Refurbished in this market often means someone bought a dead board off eBay, hit the edge connector with a Scotch-Brite pad, replaced a burned resistor, and painted over the corrosion. That is a huge risk. The real issue isn’t just the repaired part—it’s the aging of the unreplaced components. Capacitors have a shelf life and a service life. In a refurb, you’re betting the rest of the 20-year-old electrolytics aren’t going to short out. In my experience, the failure rate on refurbished control boards is about 4x higher than new.
One unplanned turbine trip costs more than the board—sometimes 100x. That’s not a gamble I’d take.
Our price for this new surplus DS3800NTSA is typically 25-35% above the cheapest refurbished listing, but 20-40% below GE’s current list price for new production. The difference covers our global sourcing cost, the full 24-hour test cycle, and the 12-month warranty we stand behind.
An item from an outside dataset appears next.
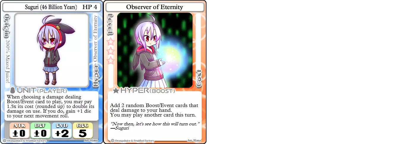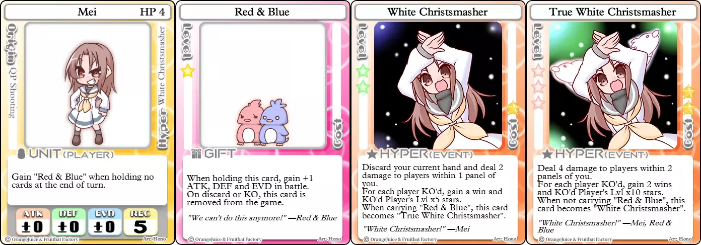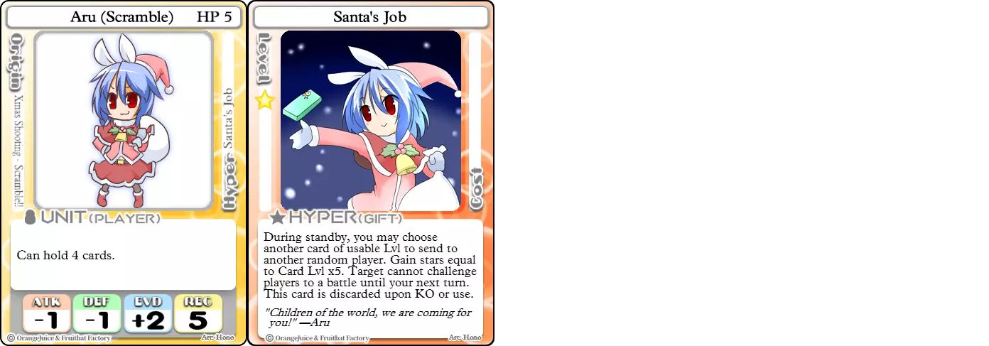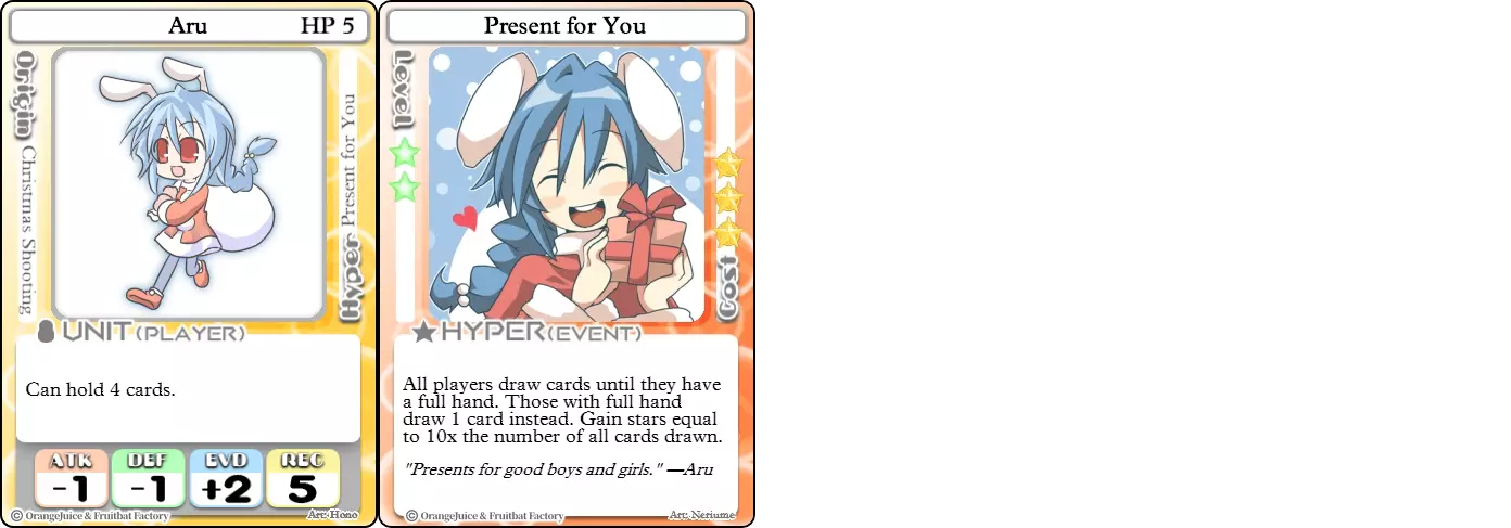 “我要让你见识一下我的圣诞魔法!” 难度:★★★☆☆ 职业:和平主义者 标签:辅助/收集者/生存 优势:随时间提升星星收集效率,闪避率出色 劣势:承受大量伤害,必须牺牲卡牌来生成星星,一次击倒可能导致游戏失败 阿鲁(混乱)的Hyper【圣诞任务】相比普通阿鲁的爆发式收集,提供了更稳定的选择——她通过每次赠送一张卡牌来换取星星。这使她成为一名速度慢得多的收集者,但也让她有可能随时间积累更多星星,并且可以阻止对手攻击她。这也意味着与原版阿鲁相比,她的翻盘潜力要低得多。KO时,Santa's Gift会丢失,因此她不仅需要找到另一个副本才能继续收集星星,而且由于对手已结束游戏,她之后通常也没有时间再收集星星。 Suguri(Ver.2)

We provide the traceability—serial number, OEM documents, and test results—so you know what you’re installing.
Performance Benchmarks & Test Results
We run a standardized benchmark on the DS3800NTSA to verify performance in a simulated control environment.
Test Environment:
- Rack: GE Mark V Core System, running Speedtronic firmware v5.5
- Input Stimulus: 48 VDC, 5 mA sourcing, pulsed at 1 Hz
- Ambient Temp: Controlled at 25 °C for baseline, with a separate thermal test up to 55 °C
| Metric | Measured Result | Condition |
|---|---|---|
| Input Scan Latency | 3.2 ms | From signal application at field terminals to register read. Spec is <5 ms. |
| Channel-to-Channel Isolation | > 1500 VDC | Tested at 60 °C; no degradation observed. |
| Input ON Threshold (48V) | 38.4 VDC | Turns on at spec voltage; hysteresis prevents chatter. |
| Thermal Drift (Input threshold) | ±0.02 V / °C | Stable within the 0-60 °C ambient range. |
| 24-Hour Continuous Operation | Zero errors, zero register faults | Logged over 24 hours with a 50% duty cycle on all 32 points. |
In the field, we see these boards last well beyond the expected 50,000 hour MTBF, provided they’re kept dry. If you’re running it in an environment above 55 °C ambient, you might want to consider forced air cooling on the rack—we measured a 10% derating on the input filters above that threshold. The board itself can take it, but the response time of the internal noise filter starts to creep up.